_DATA TO PROCESS_
——

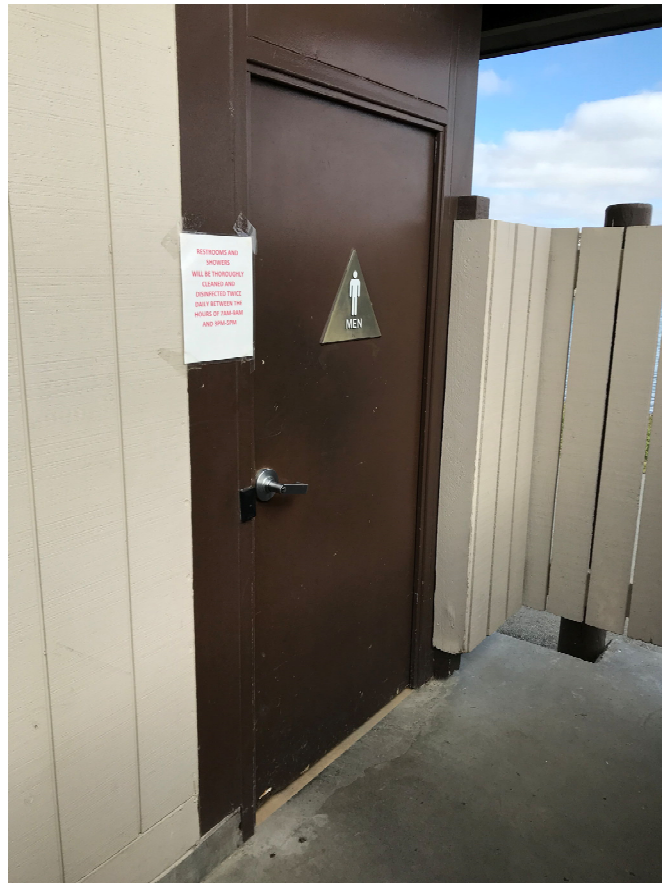
63 – View of East Basin Restroom 3 exterior door and paint
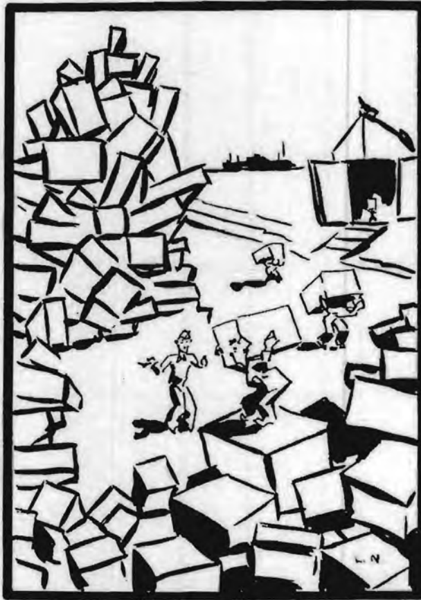
"Load it up again Seabees—wrong island."

ties, new chow halls, a large theatre, a recreation hall, and showers with running water. Park Avenue, the main thoroughfare thru camp, was converted from a one-way rut of mud to a broad, smooth, gleaming street, one of the finest on the island.
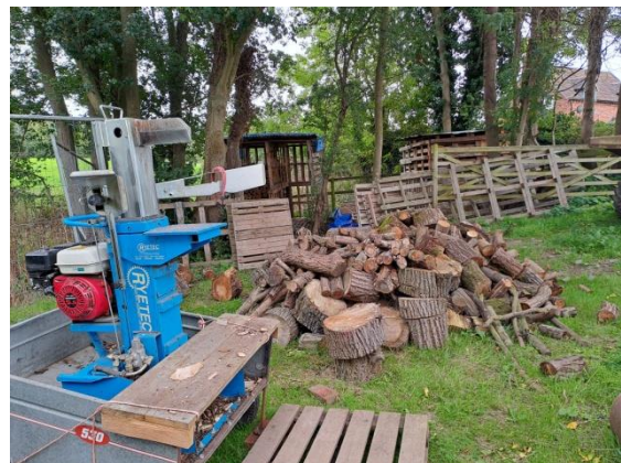
The log splitting site at the Northern portal of the Berwick Tunnel with a pile of logs to be reduced to stove-sized lumps before drying.

On Sunday Martin D had sourced some eggs and the vegetarians had omelette for breakfast- the meat eaters ate the same as usual.
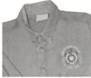
752SS Short-sleeve Denim 753LS Long-sleeve Denim
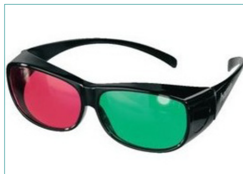
Figure3. Red-Green goggle

(figure3) on the right and left eye respectively the conventional way.
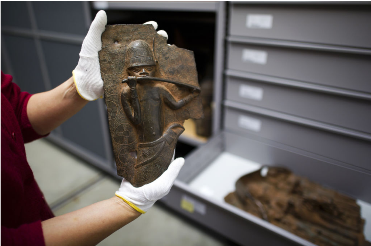
A small brass relief plate from the Benin Empire depicting royal hornblowers from a drawer of a rolling shelf in the depot of the Dresden State Art Collections in Dresden.
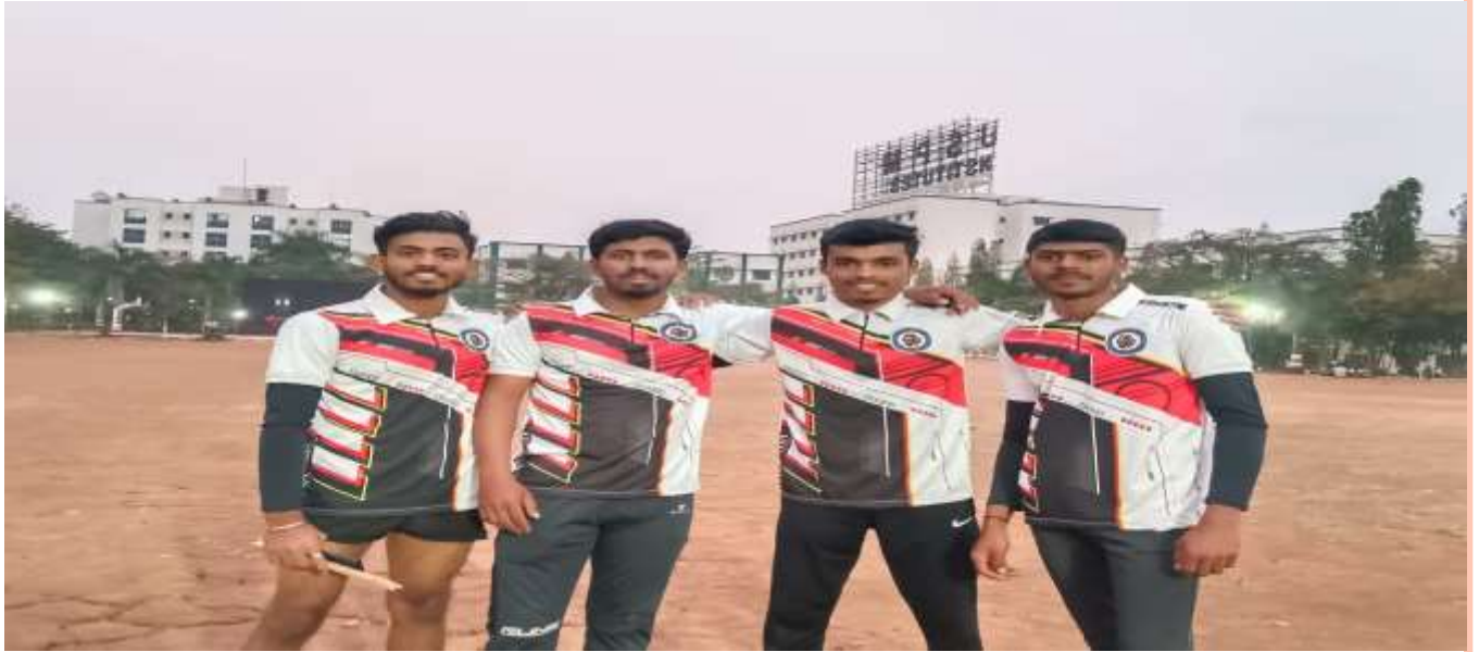
Relay 4x100 Meter Winner .
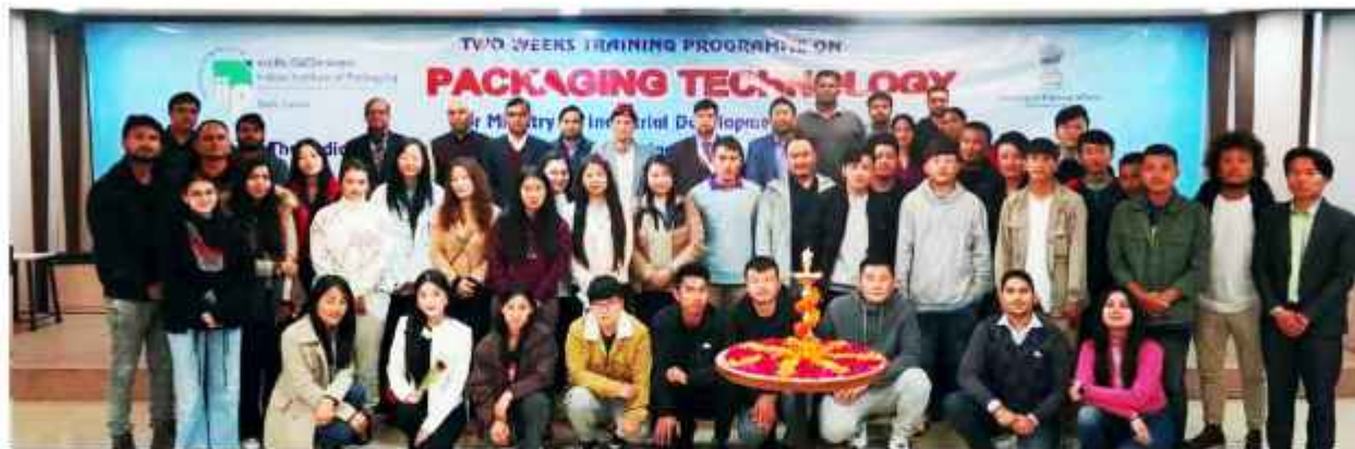
Organized three weeks residential Training programme on Packaging Technology for Ministry of Industrial Development, Bhutan under The Indian Technical & Economic Cooperation ( ITEC ), Ministry of External Affairs ( MEA), GOI at IIP Delhi
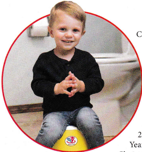
Potty Safe is currently available in light gray, pink and yellow.

Cassville, Missouri, and Buttercup Baby in Pasadena, California. Our locations are growing every day!
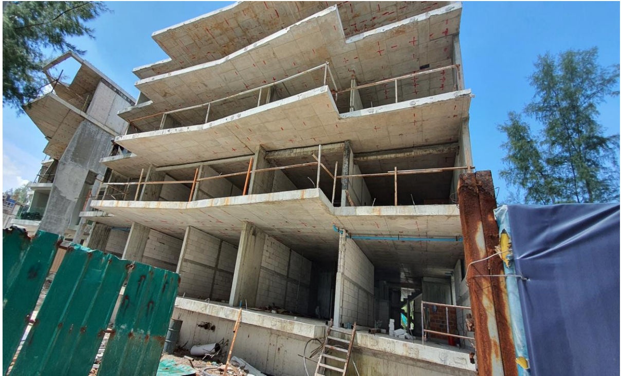
Building 8 Blockwork in progress – blockwork is ongoing in G /1 & 2 levels – rooms 8003/8004 and 8005 are visible on the ground floor
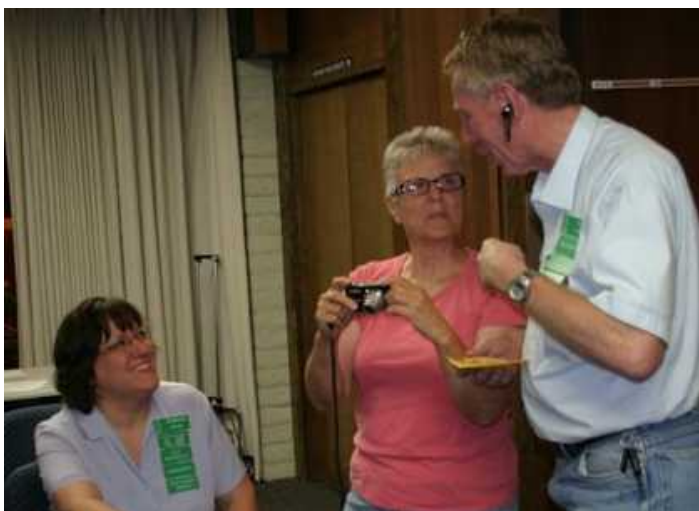
During the break a little conversation about a different kind of genealogy – AKC.
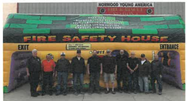
The NYA Fire Department's Inflatable Safety House will be able to be set up at schools and community events. Special thanks to the VFW and Legion for their financial support!
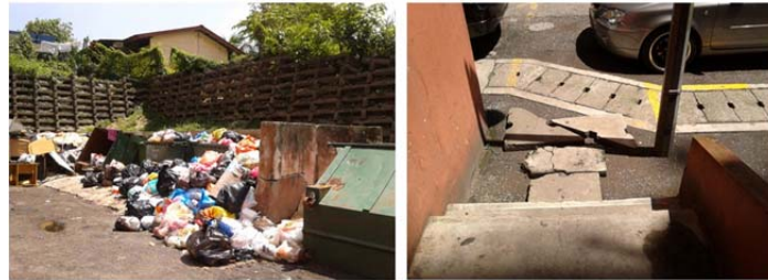
Figure 3: Lack of maintenance on the pavement and refuse area

The survey revealed that different studied elements as liveability indicators for evaluation on the liveability of communities in study site are less unity and inconsistent in performance due to the perception of the residents. Respondents most commonly noted community recreational facilities as the most important elements of a livable community. Various liveability indicators for the quality of community recreational facilities should be taken into account during survey.
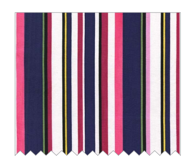
CX7146 Sapphire Briar Path 1/4 yard
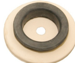
CDHDO – Diaphragms
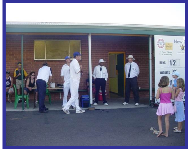
The presentation at Thornlie
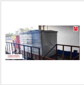
2500 Mva 3 Phase Compact Sub Station
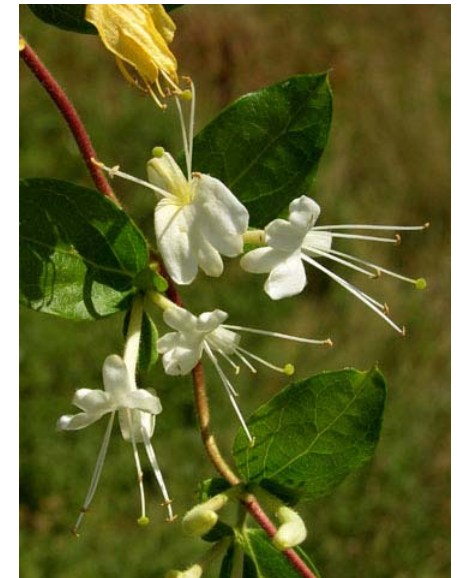
Lonicera japonica Japanese Honeysuckle Introduced Perennial Caprifoliaceae
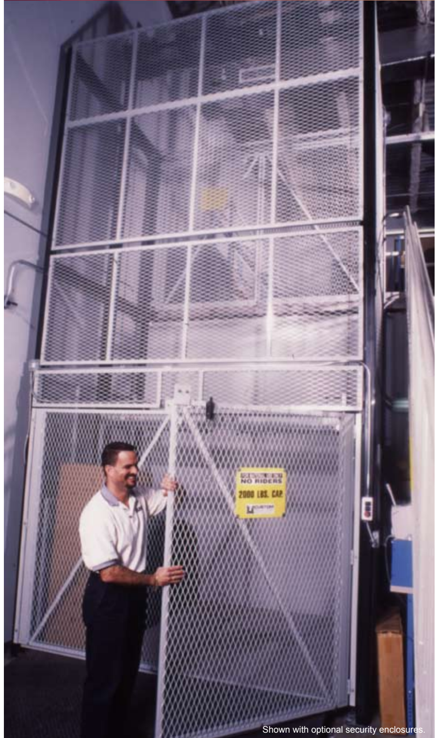
Shown with optional security enclosures.
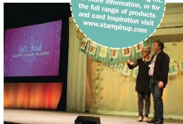
The winner of the Heart of Stampin’ Up! award during the closing ceremony
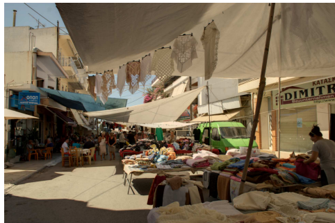
(e) Our Method - NLEF, (68 sec).
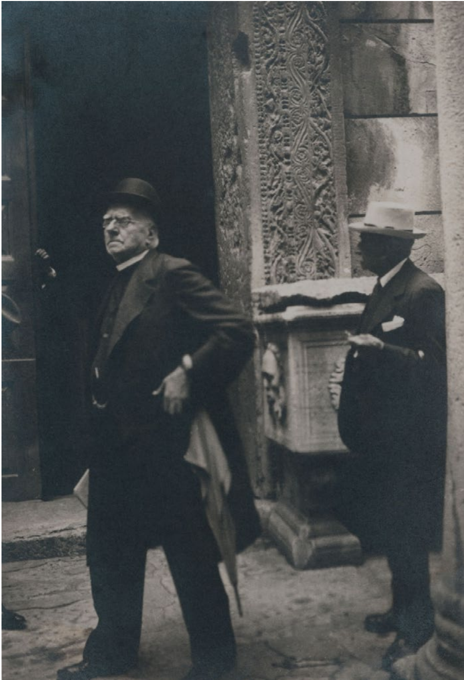
DON FRANE BULIĆ AND SIR ARTHUR EVANS IN FRONT OF THE SO-CALLED TEMPLE OF JUPITER WITHIN DIOCLETAIN'S PALACE (NOW THE BAPTISTRY OF THE CATHEDRAL IN SPLIT). JUNE 1932.
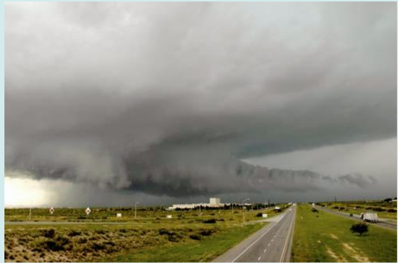
On September 13 this high precipitation supercell thunderstorm moves into the Las Cruces area producing a tornado and large hail.

The hail was especially destructive with widespread damage to roofs, skylights, motor vehicles and vegetation. Strong thunderstorm winds also damage property and buildings over western Las Cruces and flash flooding occurs around New Mexico State University and along portions of Interstate 10, which is closed by police during the storm. Total storm damage is estimated at over 10 million dollars.
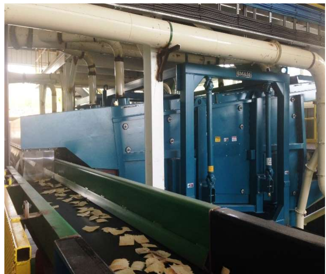
A modern BM&M Counterflow Chip Screen used in a wood chip screening application.
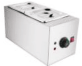
Chocolate Stove, 2 Pan Size: 205x400x225mm Power: 1kw
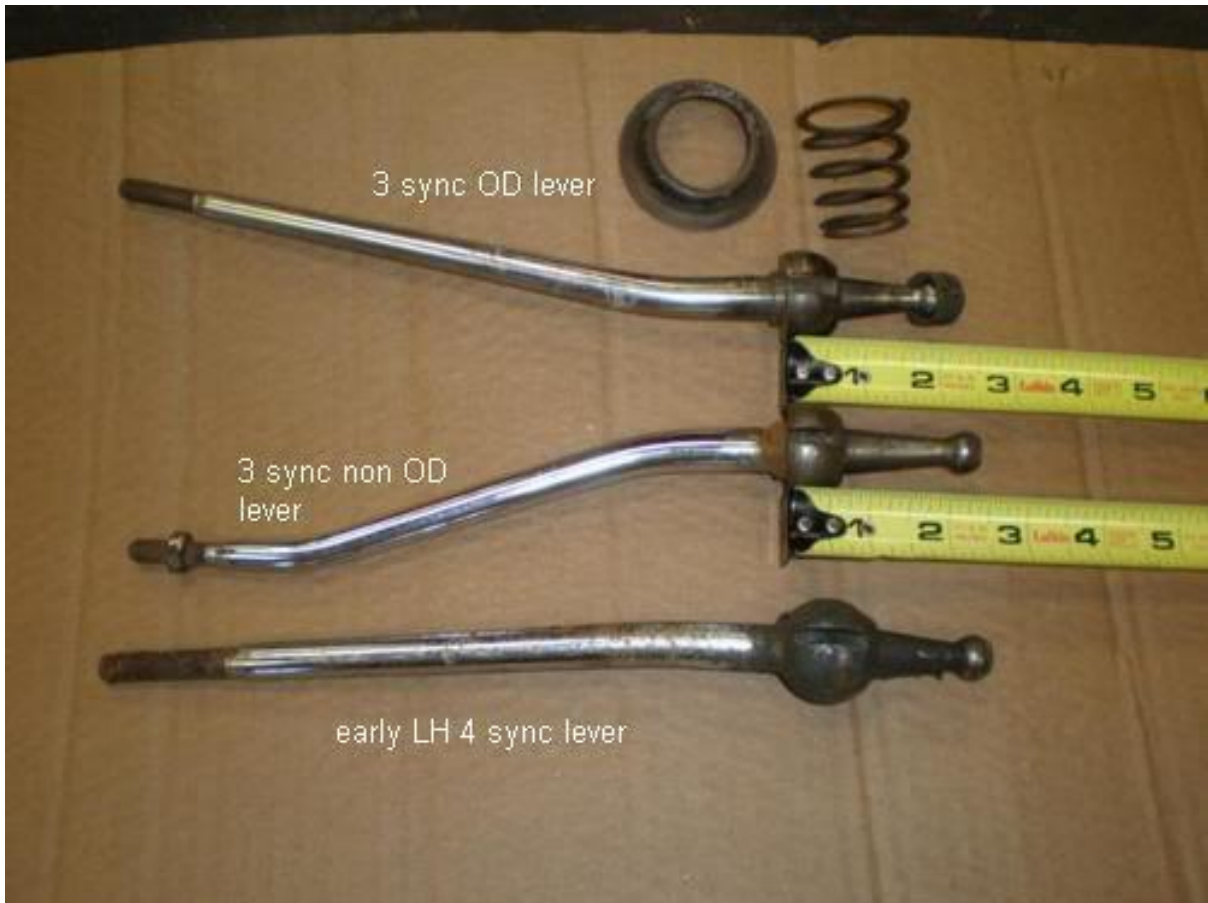
Different levers used

was different with either of the two configurations, the hole in the transmission tunnel was elongated to take either option. Due to the differing point of entry of the gear lever, it was necessary to fashion two different levers. The non-overdrive option, which entered the body further forward of the driver, had an obvious 'bend' in the lever, with the overdrive option sporting a 'straight' lever that entered rearward nearer the driver. These levers are not really interchangeable as they differ in shape at the other end (see photos).

——

_TASK DIRECTIONS_
All entries above should be returned exactly, apart from their pictures.

_ANSWER BOX_
63 – View of East Basin Restroom 3 exterior door and paint
"Load it up again Seabees—wrong island."

ties, new chow halls, a large theatre, a recreation hall, and showers with running water. Park Avenue, the main thoroughfare thru camp, was converted from a one-way rut of mud to a broad, smooth, gleaming street, one of the finest on the island.
The log splitting site at the Northern portal of the Berwick Tunnel with a pile of logs to be reduced to stove-sized lumps before drying.

On Sunday Martin D had sourced some eggs and the vegetarians had omelette for breakfast- the meat eaters ate the same as usual.
752SS Short-sleeve Denim 753LS Long-sleeve Denim
Figure3. Red-Green goggle

(figure3) on the right and left eye respectively the conventional way.
A small brass relief plate from the Benin Empire depicting royal hornblowers from a drawer of a rolling shelf in the depot of the Dresden State Art Collections in Dresden.
Relay 4x100 Meter Winner .
Organized three weeks residential Training programme on Packaging Technology for Ministry of Industrial Development, Bhutan under The Indian Technical & Economic Cooperation ( ITEC ), Ministry of External Affairs ( MEA), GOI at IIP Delhi
Potty Safe is currently available in light gray, pink and yellow.

Cassville, Missouri, and Buttercup Baby in Pasadena, California. Our locations are growing every day!
Building 8 Blockwork in progress – blockwork is ongoing in G /1 & 2 levels – rooms 8003/8004 and 8005 are visible on the ground floor
During the break a little conversation about a different kind of genealogy – AKC.
The NYA Fire Department's Inflatable Safety House will be able to be set up at schools and community events. Special thanks to the VFW and Legion for their financial support!
Figure 3: Lack of maintenance on the pavement and refuse area

The survey revealed that different studied elements as liveability indicators for evaluation on the liveability of communities in study site are less unity and inconsistent in performance due to the perception of the residents. Respondents most commonly noted community recreational facilities as the most important elements of a livable community. Various liveability indicators for the quality of community recreational facilities should be taken into account during survey.
CX7146 Sapphire Briar Path 1/4 yard
CDHDO – Diaphragms
The presentation at Thornlie
2500 Mva 3 Phase Compact Sub Station
Lonicera japonica Japanese Honeysuckle Introduced Perennial Caprifoliaceae
Shown with optional security enclosures.
The winner of the Heart of Stampin’ Up! award during the closing ceremony
(e) Our Method - NLEF, (68 sec).
DON FRANE BULIĆ AND SIR ARTHUR EVANS IN FRONT OF THE SO-CALLED TEMPLE OF JUPITER WITHIN DIOCLETAIN'S PALACE (NOW THE BAPTISTRY OF THE CATHEDRAL IN SPLIT). JUNE 1932.
On September 13 this high precipitation supercell thunderstorm moves into the Las Cruces area producing a tornado and large hail.

The hail was especially destructive with widespread damage to roofs, skylights, motor vehicles and vegetation. Strong thunderstorm winds also damage property and buildings over western Las Cruces and flash flooding occurs around New Mexico State University and along portions of Interstate 10, which is closed by police during the storm. Total storm damage is estimated at over 10 million dollars.
A modern BM&M Counterflow Chip Screen used in a wood chip screening application.
Chocolate Stove, 2 Pan Size: 205x400x225mm Power: 1kw
Different levers used

was different with either of the two configurations, the hole in the transmission tunnel was elongated to take either option. Due to the differing point of entry of the gear lever, it was necessary to fashion two different levers. The non-overdrive option, which entered the body further forward of the driver, had an obvious 'bend' in the lever, with the overdrive option sporting a 'straight' lever that entered rearward nearer the driver. These levers are not really interchangeable as they differ in shape at the other end (see photos).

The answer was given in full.